Error when running: penguins_data <- read_csv("penguins_data.csv",

  •                       na = "-999")
    

Error in base::nchar(wide_chars$test, type = "width") :
lazy-load database '/Users/shubhra/Library/R/x86_64/4.1/library/cli/R/sysdata.rdb' is corrupt In addition: Warning messages: 1: In base::nchar(wide_chars$test, type = "width") : restarting interrupted promise evaluation 2: In base::nchar(wide_chars$test, type = "width") : internal error -3 in R_decompress1

David Keyes

David Keyes Founder

March 1, 2024

Hmm, I'm not quite sure what's going on. One quick question, though: did you just install R/RStudio for this course or had you installed it previously?

Alyssa Jeffers

Alyssa Jeffers

March 14, 2024

Hi there, when I ran the argument for changing sex_v2 to character data, I noticed that col_types showed up as a new data item in my Data Environment, but I noticed on your demo screen, it didn't show up as an additional item after running the code, you only have the penguins_data. Should this not have happened? This was my code: penguins_data <- read_csv("penguins_data.csv", na = c("-999", "NA"), col_types = cols(sex_v2 = "c"))

David Keyes

David Keyes Founder

March 14, 2024

Very strange! I've not seen that. Can you record a quick video using this and show me what you're seeing? Please email me after you upload the video so I know to look for it.

David Keyes

David Keyes Founder

March 19, 2024

Ok, I've watched your video and I've got a solution for you! Check out this video. Let me know if this helps!

Alyssa Jeffers

Alyssa Jeffers

March 20, 2024

Got it, thanks for explaining that! I bet that's what I did.

Sandra Virgo

Sandra Virgo

March 20, 2024

When I run the read_csv() code again to deal with the -999 values, it does not completely work.
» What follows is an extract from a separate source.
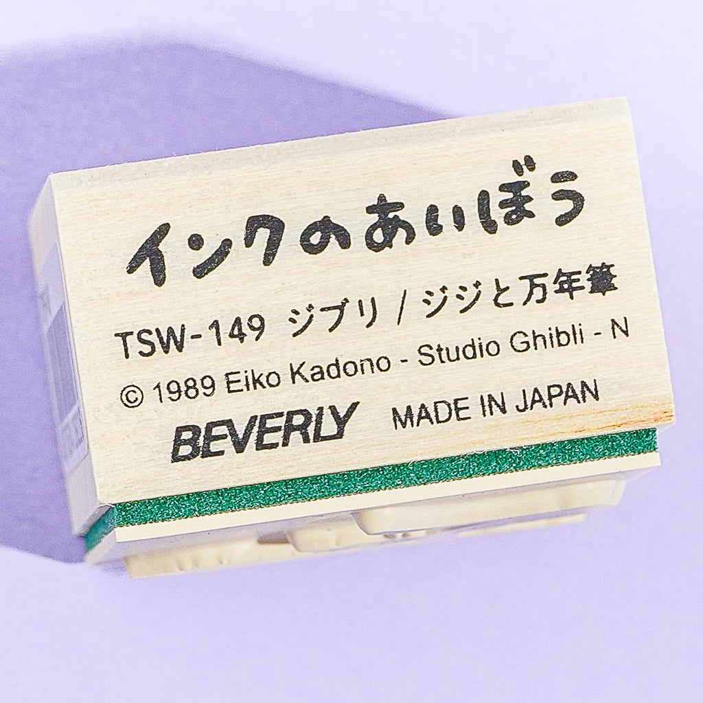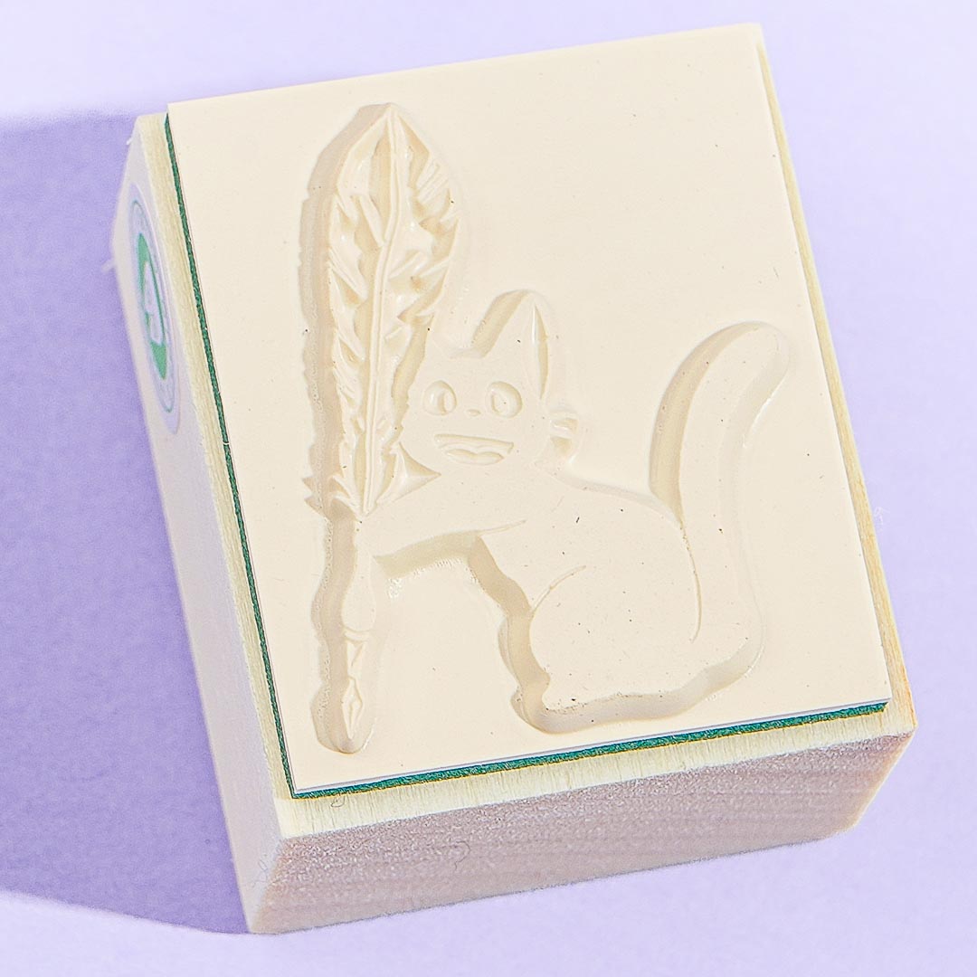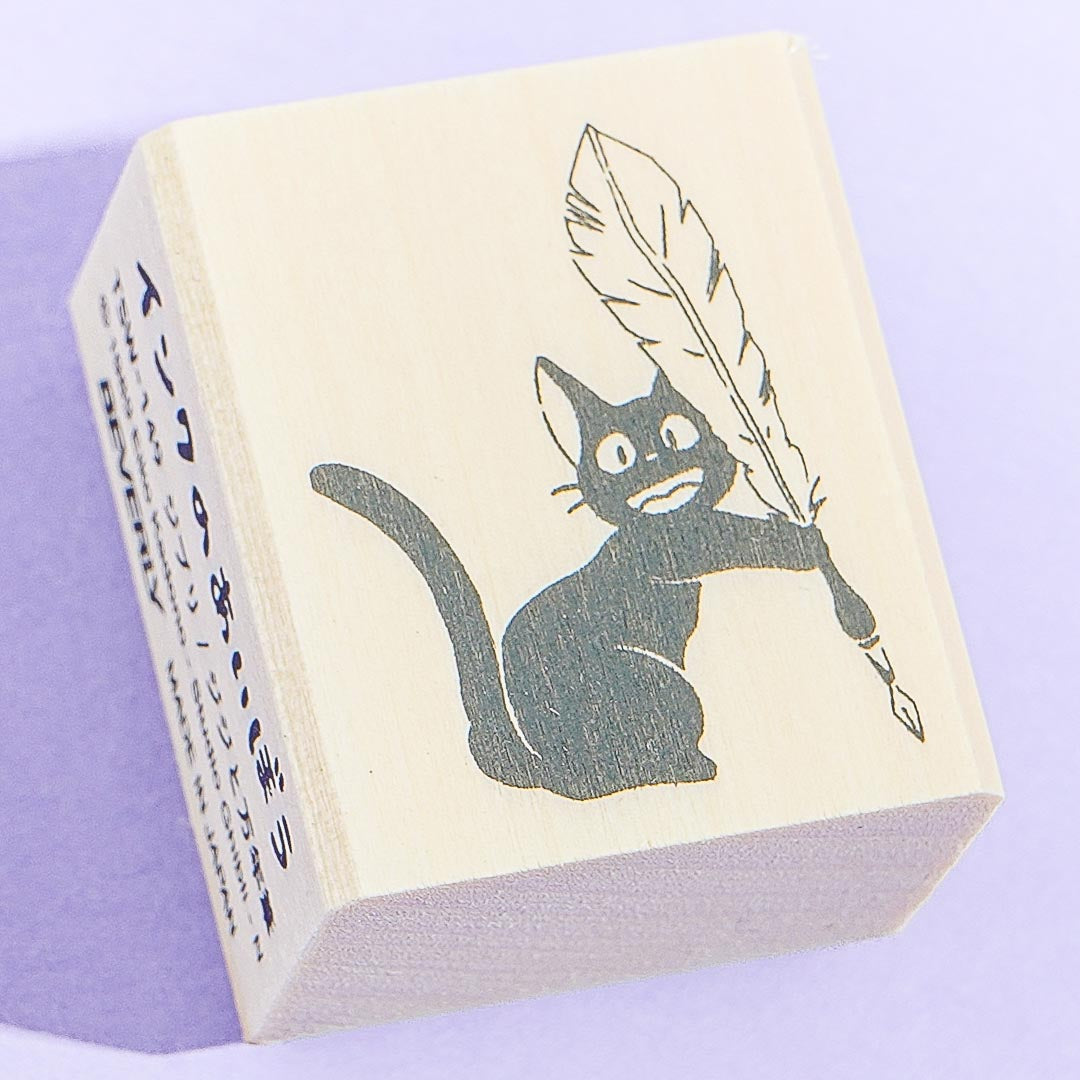 Add this super kawaii stamp to your stationery collection. It showcases Jiji the cat from Kiki's Delivery Service! He's trying to write with a feather pen. You can use ink pads, pens, and colored pencils for the stamp.

Looking at the data using view(penguins_data), I still have some -999 values in case 4, as well as some -999.0 values in case 4.

I have adapted the code to read read_csv("penguins_data.csv", na = "-999, -999.0") to deal with the ones with the decimal point and the zero, but even after that there are still these issues, including in sex_v2

I can see that in sex there are some NA values now, which means the code has partially worked, I guess.

Apologies, I don't seem to be able to get a screenshot in here.

Libby Heeren

Libby Heeren Coach

March 20, 2024

Hi, Sandra! I made a short video going over the process of replacing values with NA in the data. Please take a look at it and let me know if you have any questions! https://muse.ai/v/4i7KhQx

Recap: -999 and -999.0 are the same value, just displayed differently. When using the na argument, you can either use one value inside quotations, like "-999", or two values inside the c() function, each in their own set of quotation marks, like this: c("-999", "NA")

Sandra Virgo

Sandra Virgo

March 20, 2024

Thanks so much, Libby. The moment you said that the -999.0 values were the same as the -999 values it got me back on the right track again. I thought I had tried every combination of solutions but I clearly hadn't tried the easiest one. The video was very helpful - thanks so much!

Libby Heeren

Libby Heeren Coach

March 20, 2024

Woo! That's a win! So glad it helped, and thanks for asking questions! They help everyone :)